On Sunoco Logistics growth, Hennigan added, "Our targeted emphasis on shale production areas continues to anchor our growth plans. We currently project to have approximately US$2.5 billion of organic capital in 2015. Despite the current commodity price environment, and decrease in our market-related earnings, our strategy has not changed, our distribution philosophy and expectations have not changed, our capital program has not changed, and we are confident that we will continue to execute our long term plan."

Crude oil pipelines

Adjusted EBITDA for the crude oil pipelines segment increased US$2 million to US$95 million compared to the prior year period. The increase was due primarily to additional throughput volumes largely driven by expansion projects placed into service in Texas and Oklahoma during 2014. This positive impact was largely offset by reduced volumes on higher-priced tariff movements.

Crude oil acquisition and marketing

Adjusted EBITDA for the crude oil acquisition and marketing segment increased US$19 million to US$31 million. The increase was primarily attributable to higher realised crude oil margins compared to the prior year period.
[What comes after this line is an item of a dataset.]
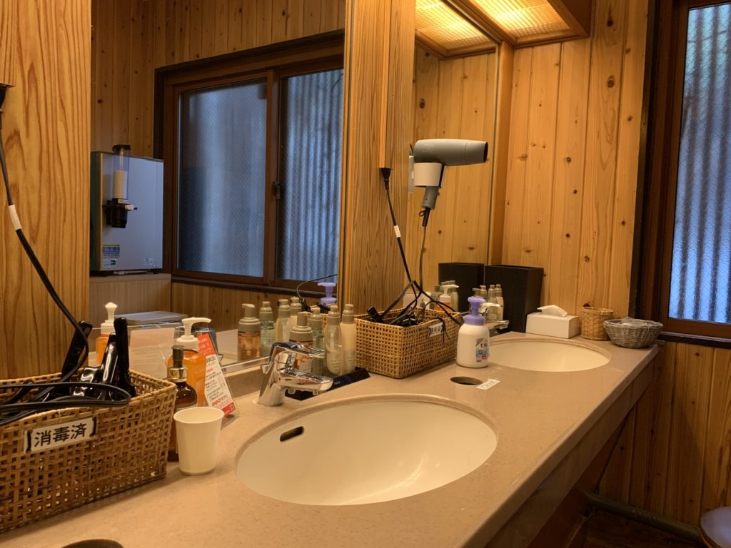 ローション、綿棒などのアメニティが充実していますが、温泉の大きさと比較すると洗面台の数は少な目に感じます。

Increased crude oil volumes resulting from 2014 acquisitions and the expansion of our crude oil trucking fleet also contributed to the improvement.

Terminal facilities

Adjusted EBITDA for the terminal facilities segment decreased US$34 million to US$52 million. The decrease was primarily attributable to lower results from our products acquisition and marketing activities. During the first quarter 2015, we utilised our storage capabilities to increase our level of certain refined products inventories in order to capture the contango market structure. These inventory positions, combined with the timing of butane blending sales, were negatively impacted by inventory accounting during the quarter. This decrease in operating results was partially offset by higher contributions from our bulk marine and refined products terminals.

Products pipelines

Adjusted EBITDA for the Products Pipelines segment increased US$26 million to US$43 million compared to the prior year period. The increase was due primarily to higher throughput volumes and higher average pipeline revenue per barrel, which were largely driven by contributions from the Mariner NGL pipeline projects. Higher contributions from joint venture interests also contributed to the improvement.

Financing update

Net interest expense was US$29 million for the three months ended 31March, 2015, compared to US$16 million for the prior year period. The US$13 million increase was due primarily to higher interest expense attributable to the April 2014 and November 2014 issuance of senior notes for a total of US$2 billion. This was partially offset by higher capitalised interest associated with our expansion capital program.

In March 2015, we amended and restated our existing US$1.50 billion unsecured revolving credit facility, increasing our borrowing capacity under the facility to US$2.50 billion and extending maturity to March 2020. The facility is available to fund our working capital requirements, to finance acquisitions and capital projects, to pay distributions, and for general partnership purposes. The facility includes an "accordion" feature, under which the total aggregate commitment may be extended to US$3.25 billion under certain conditions.

In March 2015, we completed an overnight equity offering of 13.5 million units for net proceeds of US$547 million. When combined with the 3.4 million units issued under our ATM program for US$142 million of net proceeds, we raised US$689 million in the first quarter 2015 to support our expansion capital programme. In April 2015, we issued an additional 2 million common units for net proceeds of US$82 million related to the exercise of an option in connection with the March 2015 offering.